Environmental DNA (eDNA) designates the DNA which can be found and therefore extracted from environmental samples such as water, soil, air, snow, etc.
eDNA can be used as tool to detect a single species or multiple species, both approaches mainly based on Polymerase Chain Reaction (PCR). If the purpose is the detection of a single species, the best method is given by a quantitative PCR. Otherwise, an approach based on targeted PCR can allow the simultaneous detection of several taxa, this method being called “DNA metabarcoding”.
From this data, species presence can be determined, and overall biodiversity assessed. It is an interdisciplinary method that brings together traditional field-based ecology with in-depth molecular methods and advanced computational tools.
The rise in popularity of this molecular technique can be referred to the fact that it is a non-invasive sensitive and cost-effective method biodiversity monitoring in a large variety of environments.

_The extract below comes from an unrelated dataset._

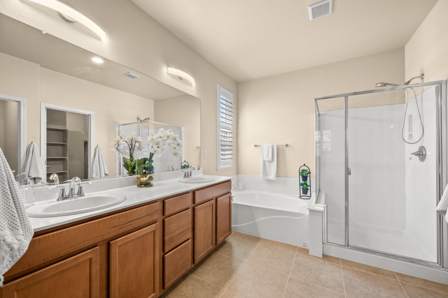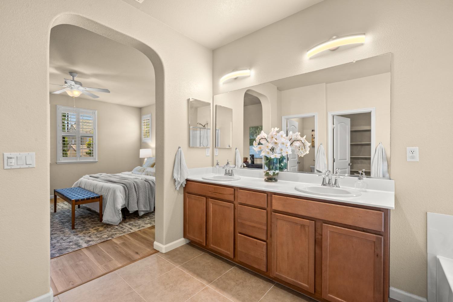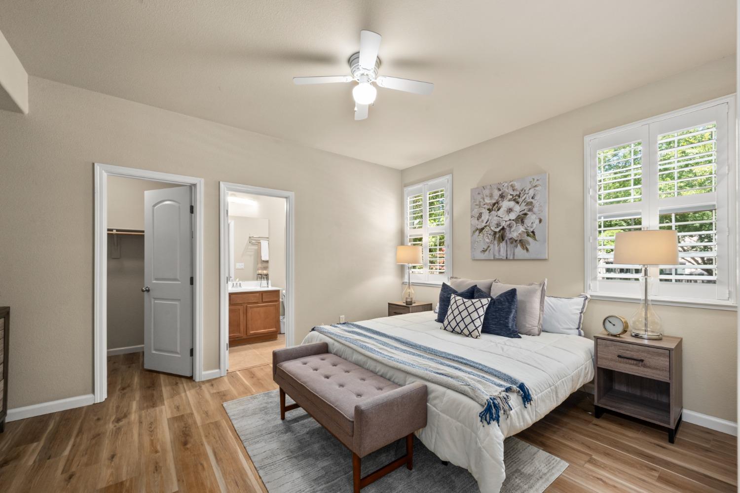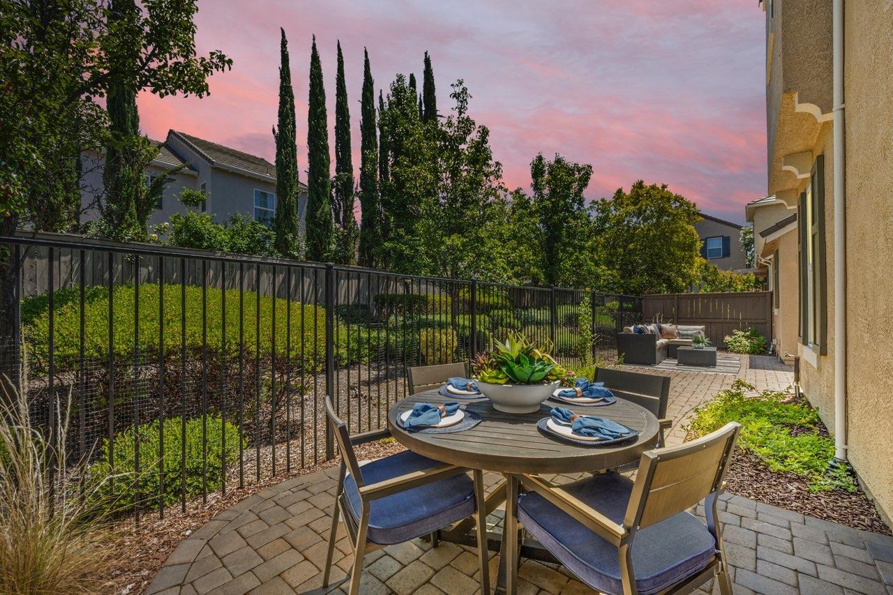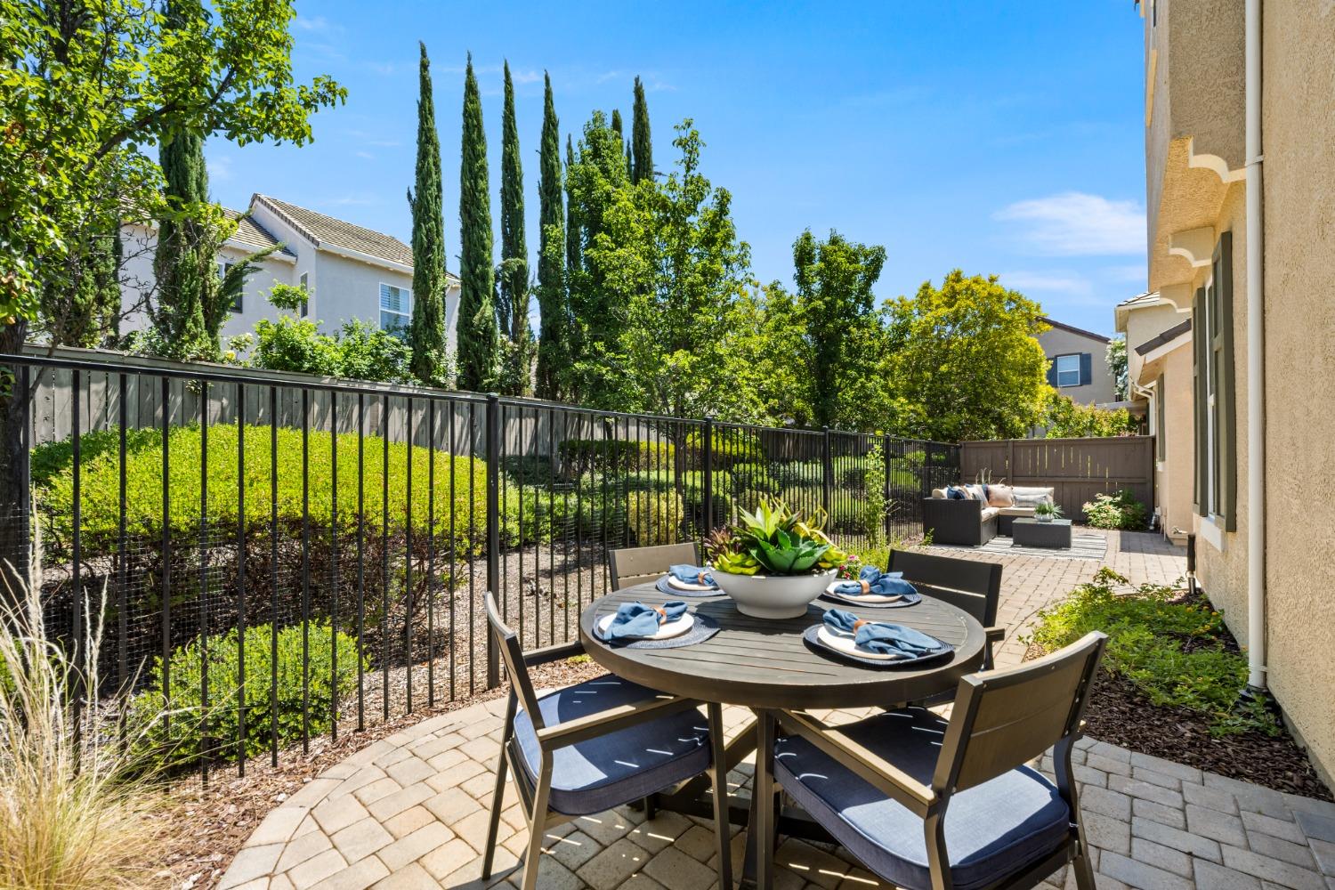 Nestled within the tree-lined streets of the gated community of Villemont, this home offers a tranquil and secure environment, complemented by community amenities including a pool, spa, gym, clubhouse, and park. Upon entering, you'll be greeted by high ceilings that add a sense of spaciousness and sophistication to the home. The layout provides flexible spaces, allowing for seamless adaptation to various lifestyle needs. Its thoughtfully designed floor plan, with primary suites on each floor, creates an opportunity for multi-generational living, catering to diverse family dynamics. The kitchen is a chef's delight with granite countertops, stainless steel appliances, and a layout that opens to both the living area and an inviting eat-in kitchen. The island features bar seating, perfect for casual meals or entertaining guests. Upstairs you will find a generously sized primary suite, 2 additional bedrooms, a laundry room and a loft that presents an ideal setting for an office, home gym, or second living area. With ample storage spaces and large closets, this home ensures organizational ease. Step outside to discover a backyard oasis that doesn't share any fences, and opens to an expansive area of mature landscaping that provides a serene buffer between you and the neighbors.

Our research is dedicated to using this technology to understand how aquatic ecosystems are changing over time in response to climate change, urbanization, and other environmental stressors. We are interested in developing targeted sampling strategies and analytical techniques that allow to detect rare or invasive species, monitor ecosystem health, and understand the mechanisms driving ecological shifts.

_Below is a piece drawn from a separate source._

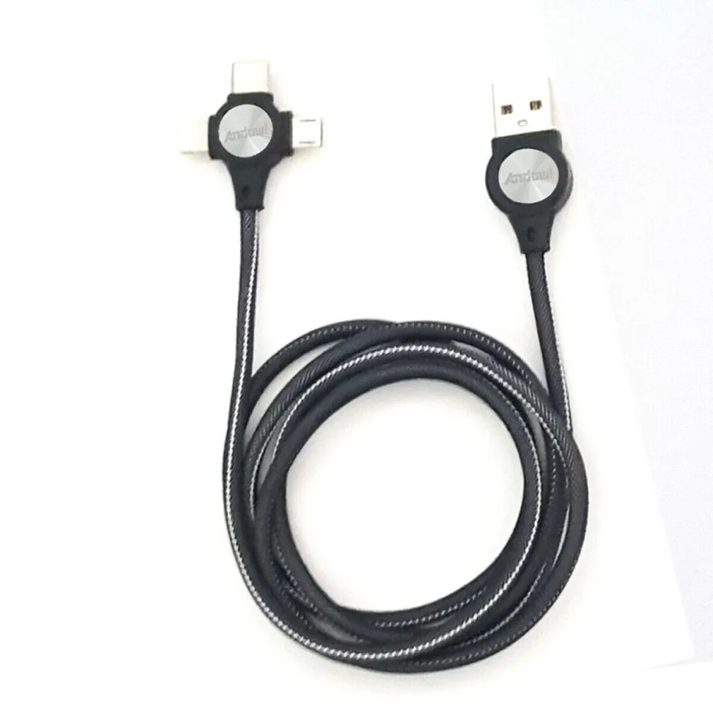 Cavo USB 3 in 1 Type-C MICRO USB, LIGHTNING: consente di ricaricare da parete (caricabatterie da parete non incluso) o da computer, di uploadare e di importare dati. Cavo in tessuto, Maggiore resistenza all’usura, Design leggero, compatto e pratico. ll cavo vi consente di importare o esportare dati sul e dal vostro dispositivo con facilità e velocità elevate, fungendo anche da efficace caricabatterie USB per il dispositivo in vostro possesso.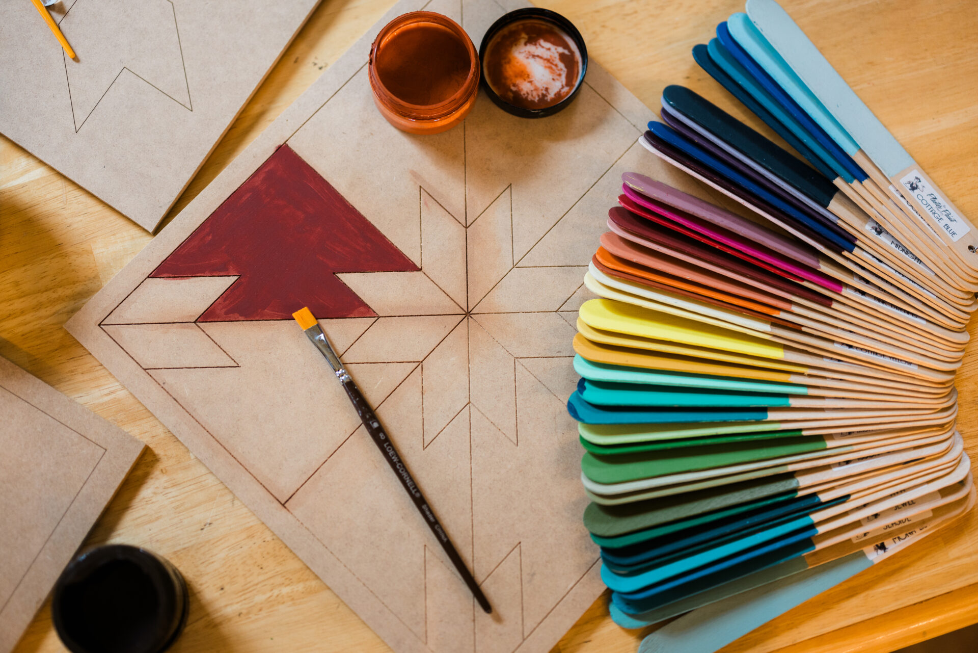 Nearing the end of her teaching career, Sharla contemplated what she might do next. The shop idea was a bold move in a new direction, but a small jump in concept. It basically put her craft fair booth in her own brick and mortar building and incorporated her love of teaching, crafting, and quilting. “I swapped lesson plans for creative workshops,” Sharla recalled.

Our research activity has important implications for environmental management and conservation, as it provides critical information about the health and resilience of aquatic ecosystems. By studying eDNA, we can identify potential threats to the biodiversity of ecosystems. Our team is committed to advancing this field through interdisciplinary collaboration, cutting-edge techniques, and thoughtful analysis of complex datasets.